Never Can Say Goodbye To Our Best Marshal
(Few leftists in Manhattan don’t have a story about Frances Axler Goldin. Many knew her in the Metropolitan Council on Housing, the organization she founded that saved the Lower East Side from Robert Moses. Others knew her familiar face from Occupy Wall Street, or from the LGBT Pride marches where she celebrated her lesbian daughters. I met her in 2006 when The Frances Goldin Literary Agency signed my book, through the tireless efforts of agent Sam Stoloff; and always thought of her as a godmother to half of NYC and all lefty writers. It was a shock, therefore, to learn of Goldin’s death at 96 from former Villager editor Lincoln Andersen, a journalist I and she had known for decades. I contacted my agent right away, with the subject line “I’m so sorry.” Stoloff agreed to share with Democratic Left the elegy below, adapted from his letter to the agency’s clients and friends. (Ed.)
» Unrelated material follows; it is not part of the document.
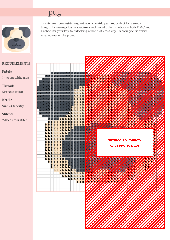 Stitch up some adorable charm with our delightful Pug Cross Stitch Pattern! This easy-to-follow PDF download features a charming pug design, perfect for beginners and experienced cross-stitch enthusiasts. The pattern includes a clear, color-coded chart with symbols, making it simple to follow along. A comprehensive thread list is provided, utilizing both DMC and Anchor thread numbers for your convenience. This versatile pattern lends itself to various crafting projects. Create a unique piece for yourself, a heartwarming gift for a loved one, or add a personal touch to home decor such as a pillow, wall hanging, or even a cute pet portrait. Unleash your creativity and enjoy the therapeutic process of bringing this sweet pug to life with your needle and thread! The pattern is instantly downloadable after purchase, allowing you to start stitching your adorable pug immediately. Experience the joy of crafting with this delightful and accessible design.

It is with great sadness that I write to let you know that Frances Goldin passed away yesterday, Saturday May 16, at the age of 95, after years of declining health.
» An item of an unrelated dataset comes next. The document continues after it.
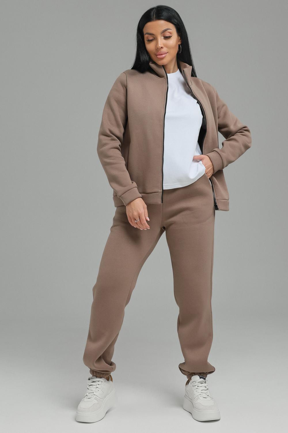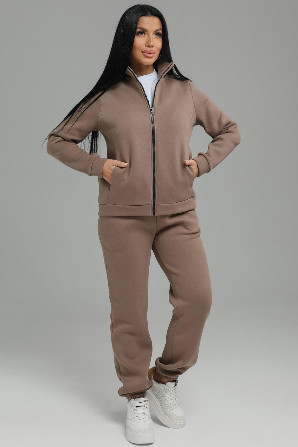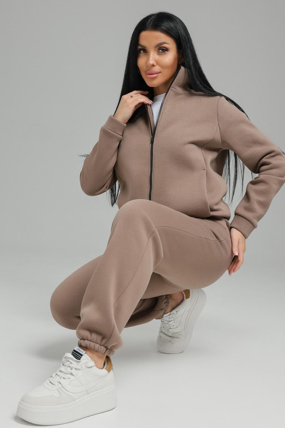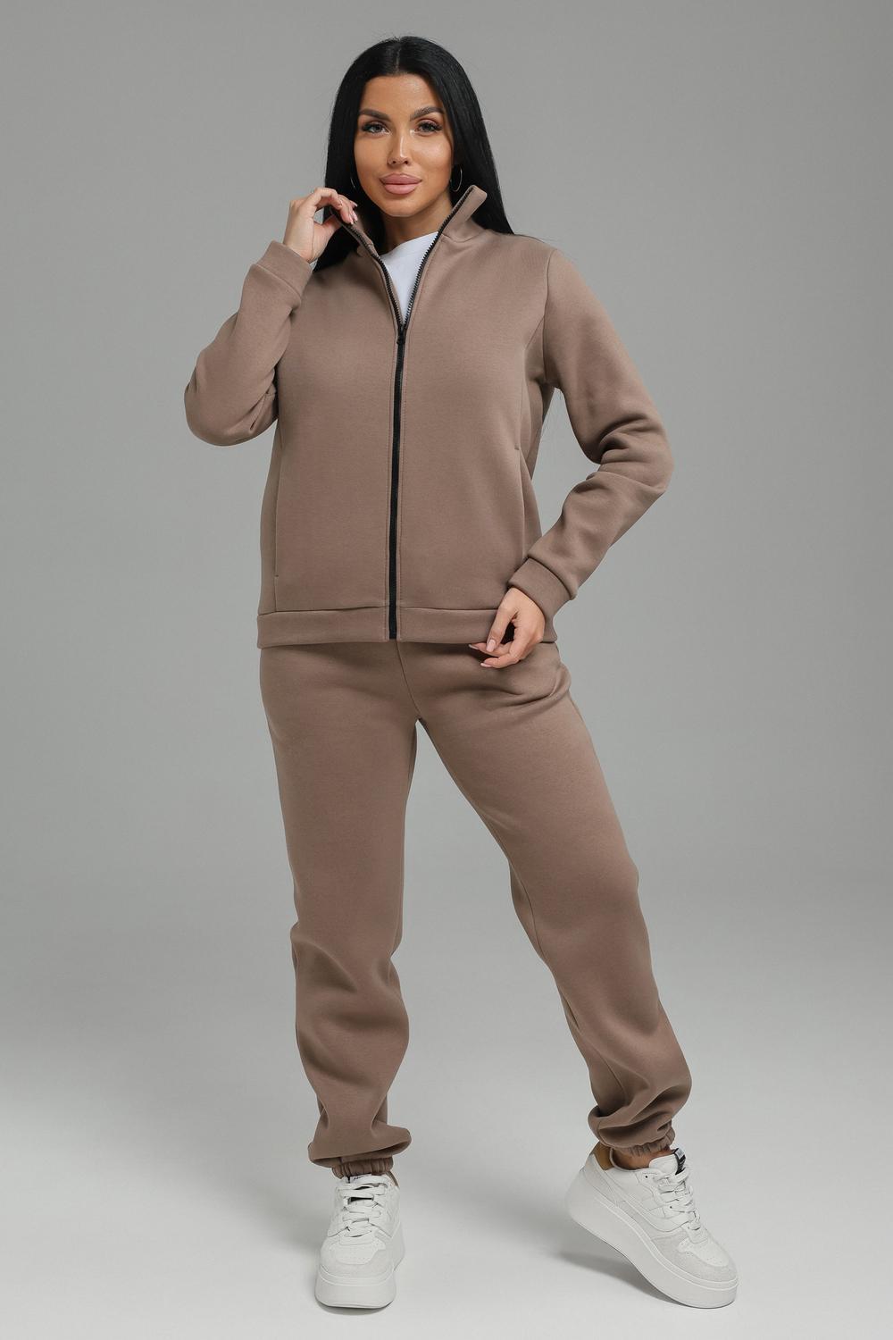 Спортивный костюм женский. Хит сезона, костюм отлично подойдет на весну, осень и зиму. В нем вы всегда будете чувствовать себя тепло и уютно. Костюм женский выполнен из футера 3-нитки премиум качества, с начесом. В комплекте брюки без карманов и кофта на замке с воротником -стойка. На полочках толстовки выполнены рельефы, в которых расположены карманы. В модели широкий размерный ряд с 50р по 60р.

Those of you who knew her will remember her as a warm and powerful presence. She loved a good party, to laugh, to dance, and to eat, especially a good bialy or Puerto Rican pernil. She loved the Lower East Side of New York, with its immigrant, working-class, polyglot ethos. She was a devoted friend. But most of all she loved fighting for a good cause, whether it was against racist incarceration, for gay and lesbian dignity, decent housing for the homeless, the rights of the disabled, or Palestinian self-determination—among many others. But especially against predatory landlords and real estate developers.
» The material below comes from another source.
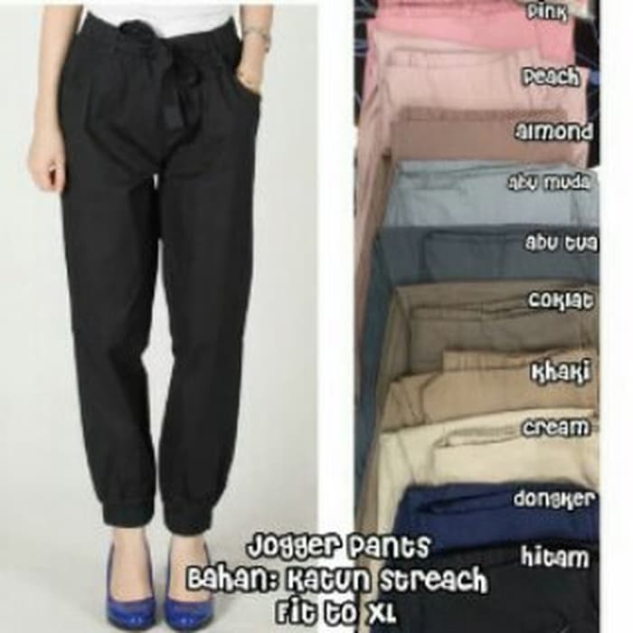 Celana Jogger Hitam Polos Wanita : Celana jogger pada dasarnya menyerupai celana olahraga, tetapi lebih serbaguna dan trendi. Celana Jogger Hitam Polos Wanita : Celana polos ini memiliki tali pinggang yang bisa diserut sesuai ukuran.

I first met Frances around 1974, when I was a teenager, and she became perhaps the greatest influence in my life. My father, a city planner, got to know Frances and her partner Walter Thabit in progressive New York planning circles in the late 60’s. I would sometimes go bowling with Frances and Walter at Bowlmor Lanes on University Place, or play scrabble with them in Frances’s dining room (though they were very impatient with me when I couldn’t keep up). Frances was for me an awe-inspiring link to a long history of Jewish radicalism in New York, stretching through the 20th century.
One of her proudest accomplishments was the publication of a book, Imagine: Living in a Socialist USA, in 2014, with contributions from many agency clients and friends. She did not manage to get arrested for what she claimed would be the twelfth time, though she tried very hard during the Occupy Wall Street protests. And she did not live to see her greatest ambition realized: the freeing of Mumia Abu-Jamal from prison. But these were only her latest efforts to achieve justice, in a life filled with them.
We are proud to carry on the work that she started at the Frances Goldin Literary Agency, now in its 43rd year and going strong. The agency has changed with the times, but we will continue to dedicate ourselves to the work that Frances began: the fight for self-determination for all people.
As Frances would always say, a better world is possible.